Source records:
★ ★ ★ ★ ★

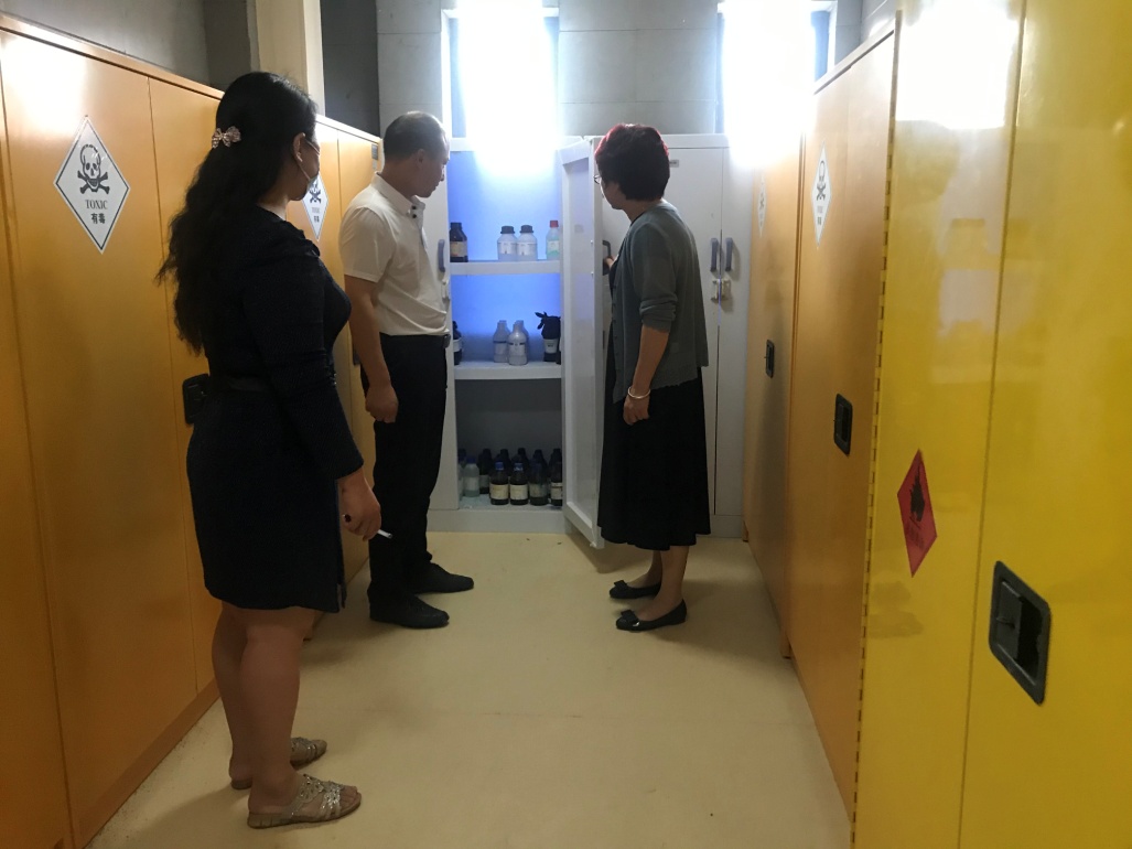 检查中,宋晓梅要求各实验室负责人,要时刻加强对实验室内部进行安全隐患的排查,确保实验室各功能的正常、环境干净有序。随后,检查组重点查看了药品室和有钢瓶的实验室,针对危化品和气瓶的危险性强、危害性大的特点,宋晓梅要求各负责人,一定严格执行双人管理、进出登记的制度,并按照规章制度做好废旧品的处理处置。
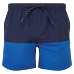Panelled swim shorts. Tie waist. Two eyelets. Striped tie cord with caps. Elasticated waist. Mesh inner lining. Two side pockets. Single zip-fastening pocket on the back. Certified Sedex.Product contains no branded neck label.* Removable Kimble or looped garment tags. Inner seam label holds important product information on one label with a second label containing brand information which can be cut-away.*Please note old stock may contain a fixed branded label
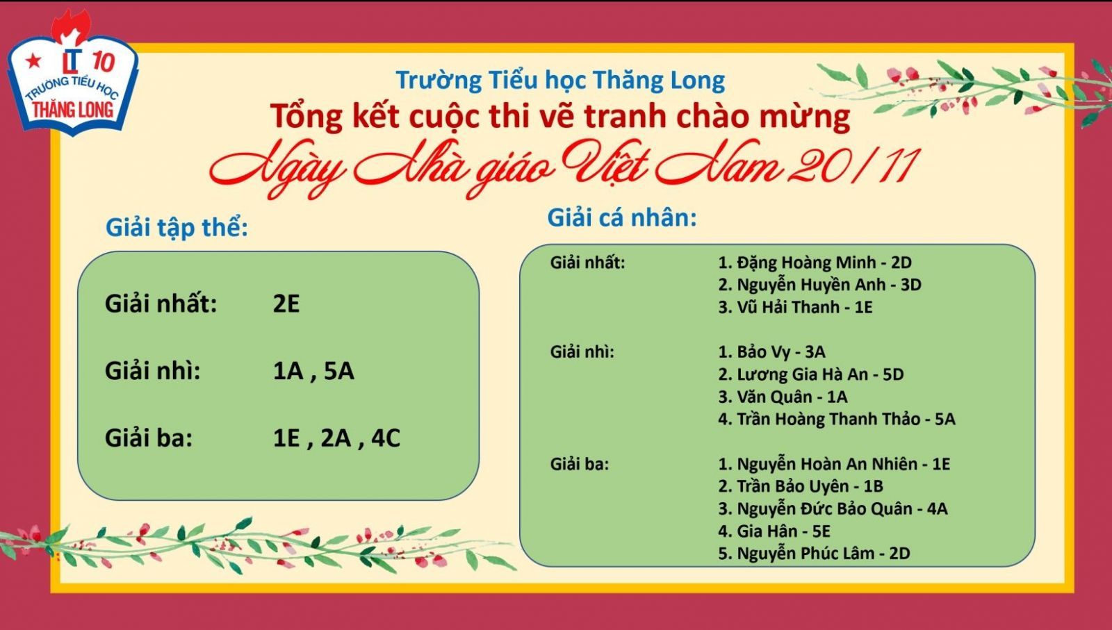 Và đặc biệt là nội dung thi vẽ tranh, thiết kế poster, làm thiệp chúc mừng, quay clip tiết mục văn nghệ với chủ đề “Em yêu thầy cô và mái trường Thăng Long” được các em học sinh vô cùng thích thú và hào hứng tham gia. Đã có rất nhiều tác phẩm hay, ý nghĩa tham gia dự thi, ban giám khảo gồm các cô trong Ban giám hiệu, các thầy cô mỹ thuật, âm nhạc, cô Tổng phụ trách đã chấm và trao giải cho các tập thể lớp và các cá nhân xuất sắc.
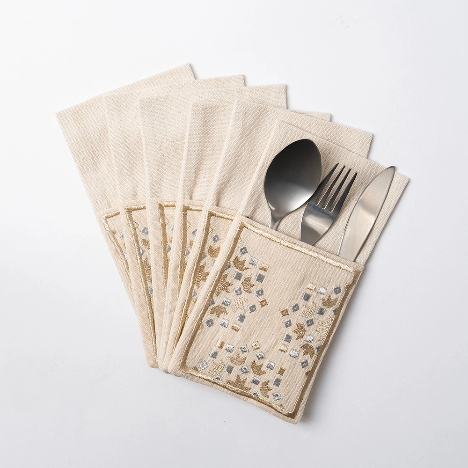 طقم أغطية أدوات المائدة (شوكة، ملعقة، سكين) مزين بتطريز ذهبي وفضي، مثالي لترتيب الطاولة في المناسبات الخاصة.
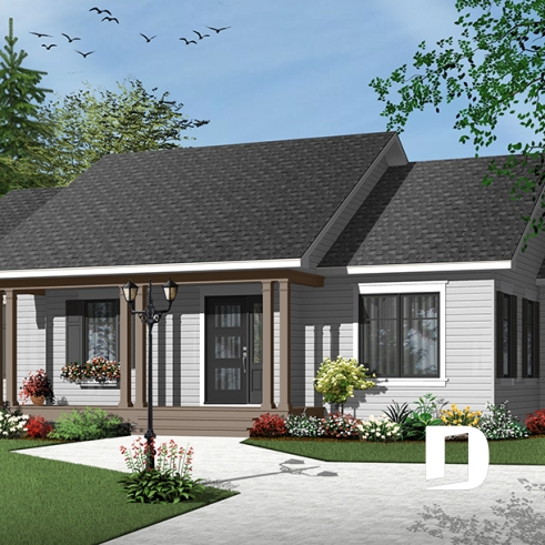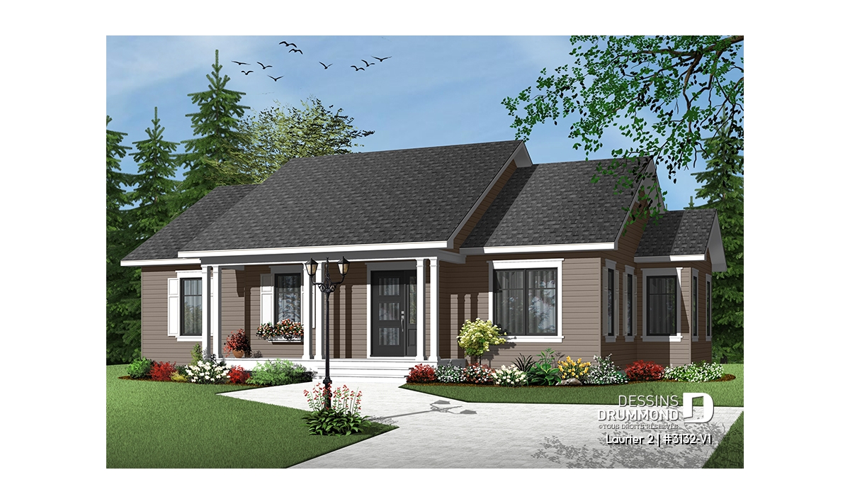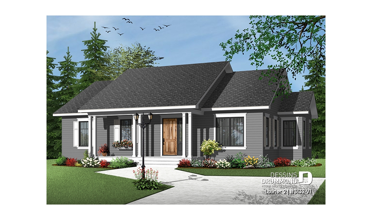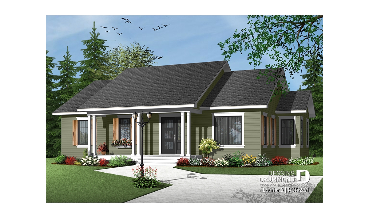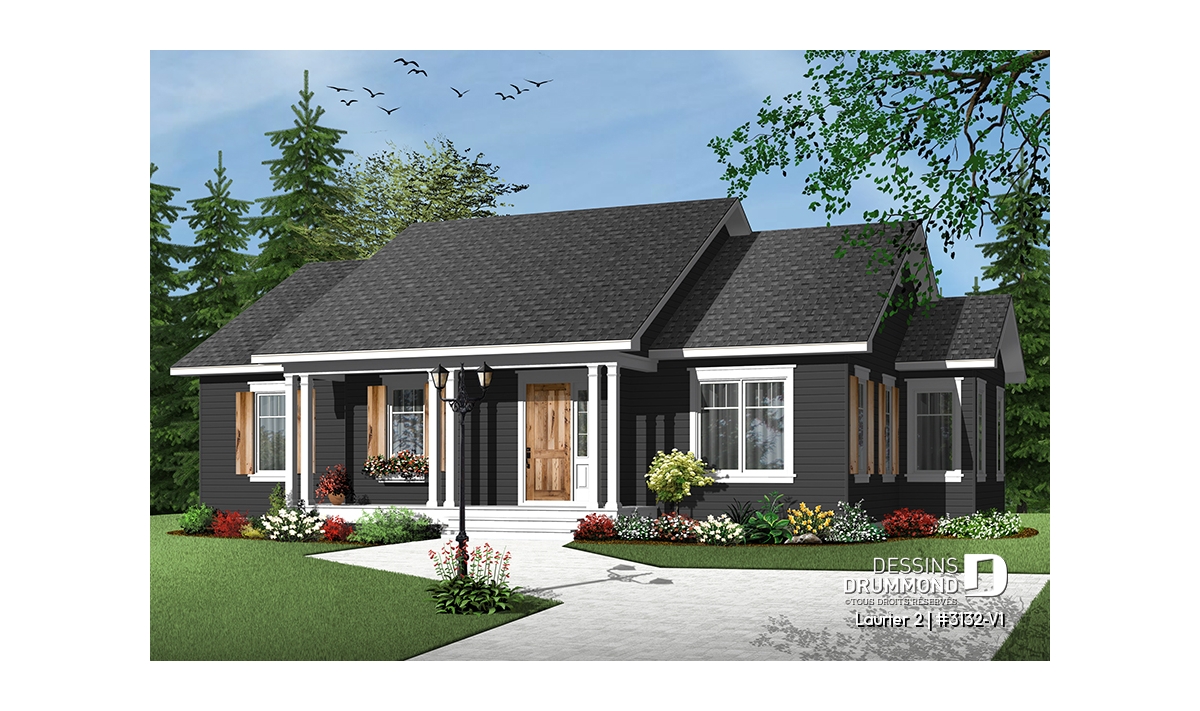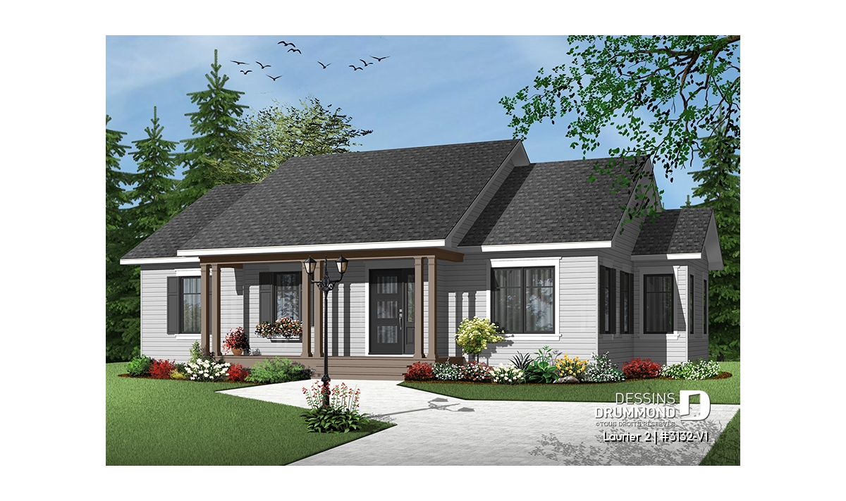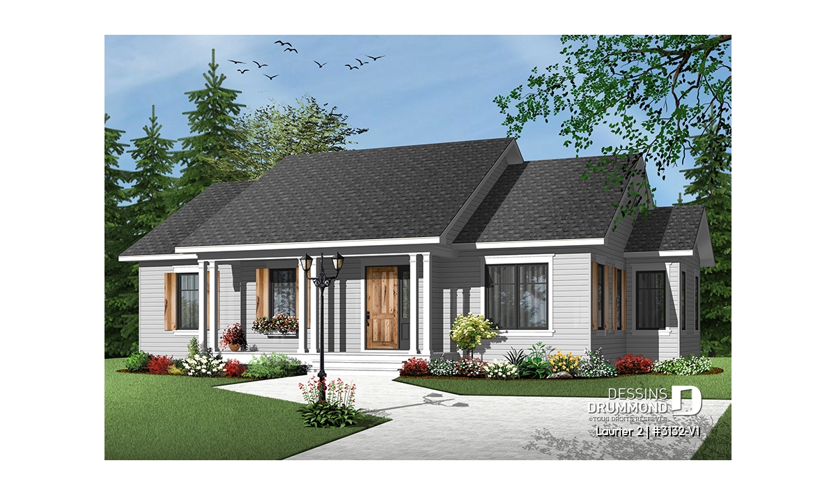 Plan de bungalow champêtre 3 chambres, cuisine attrayante, aire ouverte, salle de lavage au premier

★ ★ ★ ★ ★

#### [Task]
Return the stretch of data that begins with the line showing "Panelled swim shorts." and goes on through the line showing "Và đặc biệt", exactly, with pictures removed.

#### [Solution for this problem]
Panelled swim shorts. Tie waist. Two eyelets. Striped tie cord with caps. Elasticated waist. Mesh inner lining. Two side pockets. Single zip-fastening pocket on the back. Certified Sedex.Product contains no branded neck label.* Removable Kimble or looped garment tags. Inner seam label holds important product information on one label with a second label containing brand information which can be cut-away.*Please note old stock may contain a fixed branded label
 Và đặc biệt là nội dung thi vẽ tranh, thiết kế poster, làm thiệp chúc mừng, quay clip tiết mục văn nghệ với chủ đề “Em yêu thầy cô và mái trường Thăng Long” được các em học sinh vô cùng thích thú và hào hứng tham gia. Đã có rất nhiều tác phẩm hay, ý nghĩa tham gia dự thi, ban giám khảo gồm các cô trong Ban giám hiệu, các thầy cô mỹ thuật, âm nhạc, cô Tổng phụ trách đã chấm và trao giải cho các tập thể lớp và các cá nhân xuất sắc.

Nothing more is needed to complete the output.